— REQUIRED ACTION —
Reproduce nothing beyond the line containing "18K White Gold Mens Two Row Diamond Ring". From the first line of the data below down to it, copy each line exactly, without the pictures.

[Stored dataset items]
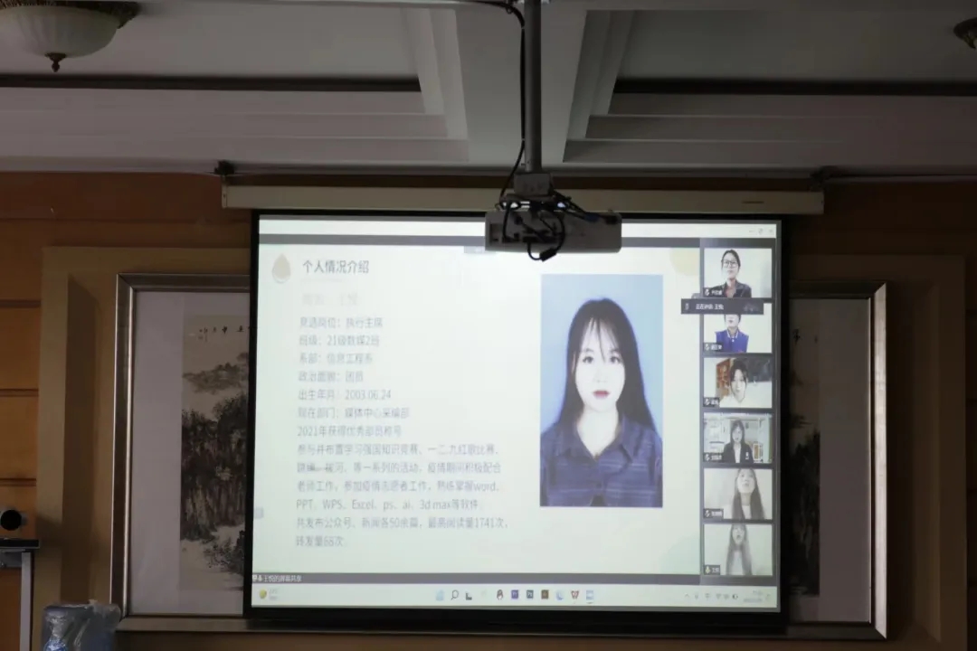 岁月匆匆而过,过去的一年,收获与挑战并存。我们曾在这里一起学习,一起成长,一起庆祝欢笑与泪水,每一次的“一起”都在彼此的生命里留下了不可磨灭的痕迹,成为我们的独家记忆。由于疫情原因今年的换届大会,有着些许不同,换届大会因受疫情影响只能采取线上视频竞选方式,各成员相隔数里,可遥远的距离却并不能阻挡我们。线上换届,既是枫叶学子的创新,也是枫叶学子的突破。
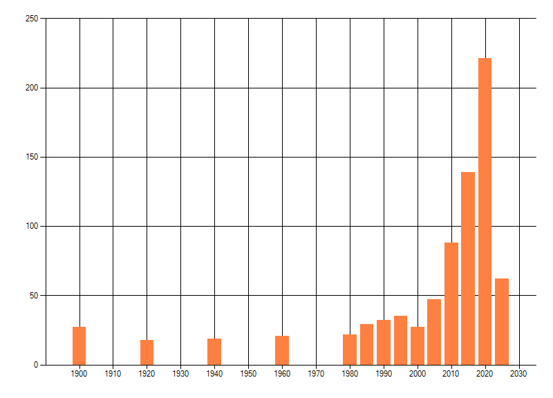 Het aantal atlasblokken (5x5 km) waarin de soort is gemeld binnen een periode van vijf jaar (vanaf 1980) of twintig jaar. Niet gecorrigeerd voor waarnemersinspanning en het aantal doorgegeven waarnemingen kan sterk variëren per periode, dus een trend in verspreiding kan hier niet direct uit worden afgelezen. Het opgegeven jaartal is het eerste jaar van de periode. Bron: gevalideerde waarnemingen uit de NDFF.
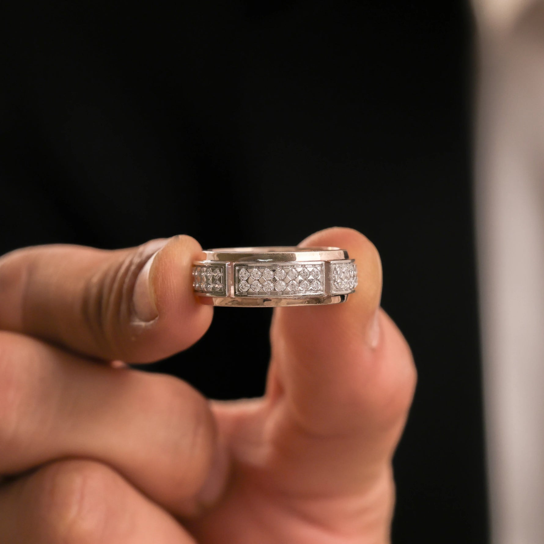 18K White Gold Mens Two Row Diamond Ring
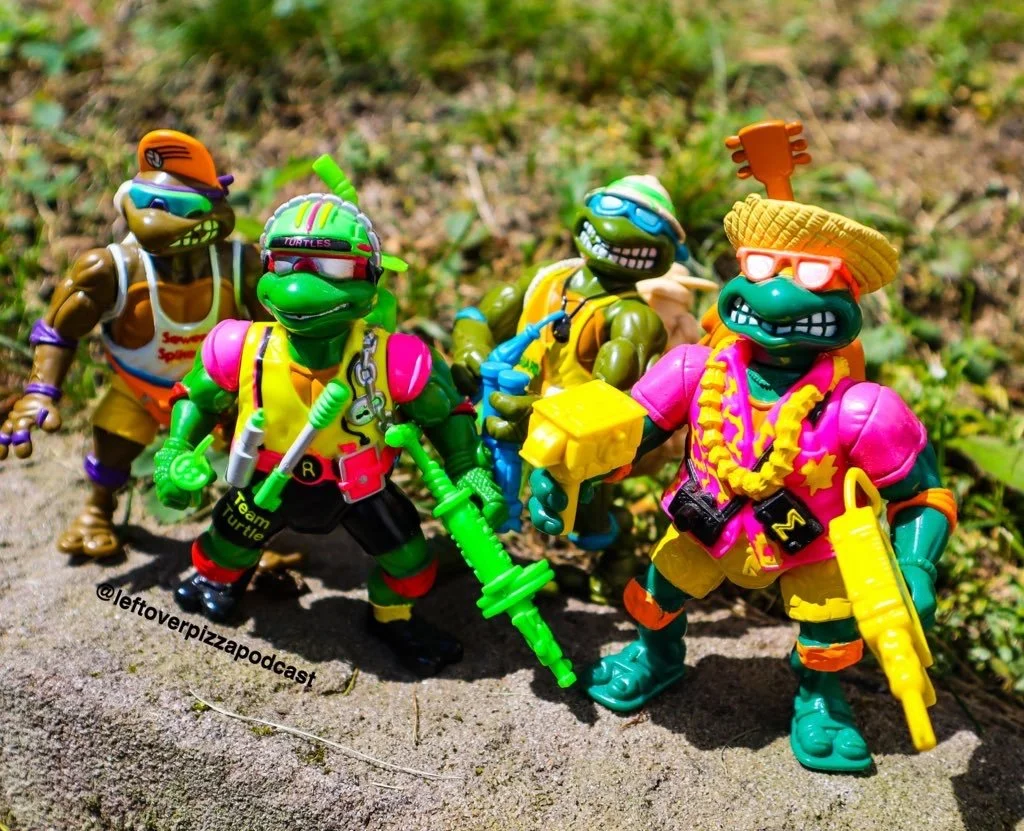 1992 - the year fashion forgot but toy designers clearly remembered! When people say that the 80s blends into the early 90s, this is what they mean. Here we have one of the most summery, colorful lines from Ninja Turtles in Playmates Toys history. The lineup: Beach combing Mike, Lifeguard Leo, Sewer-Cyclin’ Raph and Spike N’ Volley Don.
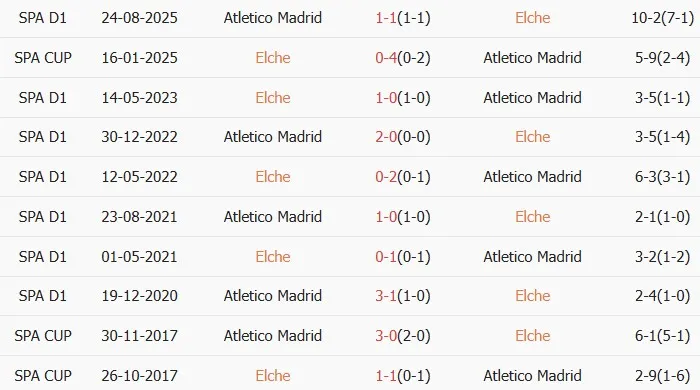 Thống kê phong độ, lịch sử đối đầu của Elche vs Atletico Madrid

— RESULT FOR THIS TASK —
 岁月匆匆而过,过去的一年,收获与挑战并存。我们曾在这里一起学习,一起成长,一起庆祝欢笑与泪水,每一次的“一起”都在彼此的生命里留下了不可磨灭的痕迹,成为我们的独家记忆。由于疫情原因今年的换届大会,有着些许不同,换届大会因受疫情影响只能采取线上视频竞选方式,各成员相隔数里,可遥远的距离却并不能阻挡我们。线上换届,既是枫叶学子的创新,也是枫叶学子的突破。
 Het aantal atlasblokken (5x5 km) waarin de soort is gemeld binnen een periode van vijf jaar (vanaf 1980) of twintig jaar. Niet gecorrigeerd voor waarnemersinspanning en het aantal doorgegeven waarnemingen kan sterk variëren per periode, dus een trend in verspreiding kan hier niet direct uit worden afgelezen. Het opgegeven jaartal is het eerste jaar van de periode. Bron: gevalideerde waarnemingen uit de NDFF.
 18K White Gold Mens Two Row Diamond Ring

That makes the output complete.